And I’m still not sure why.
Divorce, that is.
It’s been more than TWO YEARS since Mr. Mufasa *moved* out, and still I lack the courage, will, and hopelessness to file. Sure, things were off and on for bit of time after the initial split, but I think deep down, we both know it’s over.
Yet here we are, two kids and three continents later, still married. I really can’t say why.
Maybe it’s because I love being married. Yes, ME, the girl who was so down on every aspect of marriage: the monogamy, the hypocrisy of recent legislation (see Defense of Marriage Act and Prop 8), the obligations involved. . .the mere thought of changing hubby’s depends is what gave me the courage to finally end a 6 year relationship with Real Boyfriend #1.

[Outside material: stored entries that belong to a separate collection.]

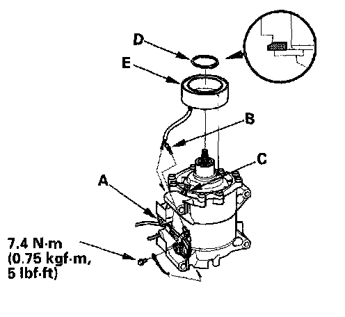 4. Remove the bolt and holder (A), then disconnect the field coil connector (B). Loosen the clamp screw (C) to free the field coil wire. Remove the snap ring (D) with snap ring pliers, then remove the field coil (E). Be careful not to damage the field coil and compressor.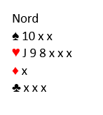 Ø/V hadde nemlig en litt finurlig definisjon på vests svarsdobling. Den var flertydig, og kunne innebære enten hjerterfarge eller begge minor. Øst satt med en monsterhånd og firekorts spar, og han «så» derfor - trodde han – at makkeren måtte ha hjerter. Så han smalt til med 6 hjerter med A-K-10 fjerde! De meldte seg rett opp i slem hvor trumfen var min sekskortsfarge! Vest som hadde singel hjerter trodde selvsagt ganske riktig at øst hadde en monsterhånd, men med en million hjerter. Dermed spilte de 6 hjerter med tre udoblede bet på 4-1 tilpassen hvor de kunne vunnet 6 kløver, 6 ruter, 6 grand og...6 spar (!).
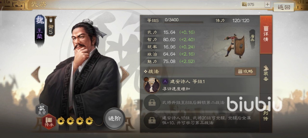2023年02月15日 15:05 来源:梅肯生比比鸟王粲是汉末文学家,有着很高的名望。那么三国志战棋版王粲怎么样呢?游戏里作为魏国谋士的他,统率盾兵,但似乎并没有太多作战能力,这里我们便结合他的属性、战法来分析下王粲的人物定位,感兴趣不妨一起来看看吧!

Surprisingly, once I tied the knot, I found that I ADORE being married: the familiarity, the settled-down-ed-ness, the “we” and the “us” sprinkled into virtually any conversation, the joint signatures on holiday cards. I felt so proud to be Mr. Mufasa’s wife and I loved uttering the phrase “my husband.” I loved fighting knowing that we were in it for the long haul (or at least I was).
I even loved having in-laws. Okay, so they live in England and I’ve only met them twice, but I was good about calling. . .
I don’t know if I have ever been in a less-loving relationship than my marriage, yet one thing is certain:
I love THINKING OF MYSELF as a married woman.
I guess that’s why I still am one.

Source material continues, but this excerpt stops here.